The FMDQ-OTC, where money market instruments including forex are traded over the counter has reversed itself on its suspension of the closing rate methodology.
On Monday, the FMDQ announced that it had suspended the publication of FMDQ spot foreign exchange closing rate based on “transparency and liquidity challenges, and prevalent disequilibrium currently being faced in the Nigerian Foreign Exchange (“FX”) market, and in order to protect the integrity of the FMDQ Spot FX Closing Rate Methodology”.
However, it has now made a U-turn claiming that it had taken this decision was based on the fact that it had now ‘received reasonable assurance that Dealing Member (Banks) [DMBs]/Authorised Dealers will promptly update their inter-Member trades and trades with clients on the designated FX Trading Systems accordingly.”
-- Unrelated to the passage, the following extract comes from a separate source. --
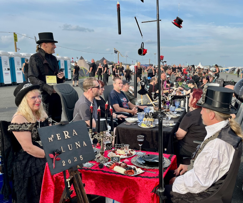 Negyed évszázadnyi M’era Luna és a fekete színtér úgy ünnepelt, mintha nem lenne holnap. Idén először reggeli futáson és jógán is részt lehetett venni, valamint a közösség szervezett a 0. nap estéjén egy Dark Dinner nevezetű vacsorát, ahol a kifutópálya kellős közepén 70 asztal volt gyönyörűen megterítve, a résztvevők csinos kis kosárkákban vitték magukkal az ételt. A Hildesheim-Drispenstedt repülőtér 25. alkalommal változott át egy másik világgá: fekete, bőr, bársony és csillogó kiegészítők tengerévé. 25.000 látogató utazott Európa minden tájáról, hogy részt vegyen ezen a különleges családi találkozón. Azok, akik ide érkeztek, elmerültek a zenében, a közösségben és abban az érzésben, hogy pár napra a saját kis városuk részévé válhatnak. Tündék, angyalok, ördögök, harcosok és viktoriánusok sétáltak egymás mellett a középkori piacon. A M’era Luna ismét bebizonyította, hogy sokkal több, mint egy fesztivál. Ez egy érzés. Egy ígéret. És sokak számára a világ legszebb helye, legalábbis egy hosszú hétvégére. A következő 25 évre! Mi biztosan ott leszünk!

Critics however believe the decision to reverse this claim was due to pressures from the Central Bank officials who may have seen this has a major blow to the credibility of the their flexible exchange rate policy. Some believe, some of the concerns raised by the FMDQ still exist and could not have been fixed within 48 hours.
Some analysts also opine that the statement by the FMDQ explaining why they lifted the suspension is a further confirmation that the market was not transparent as closing prices never indeed reflected the true market price of the exchange rate.
Nairametrics also reported on Tuesday that the CBN was mulling sweeping changes to the Foreign Exchange, Monitoring and Miscellaneous Exchange Act that could increase its control over a market that is seeking to be free from Government control.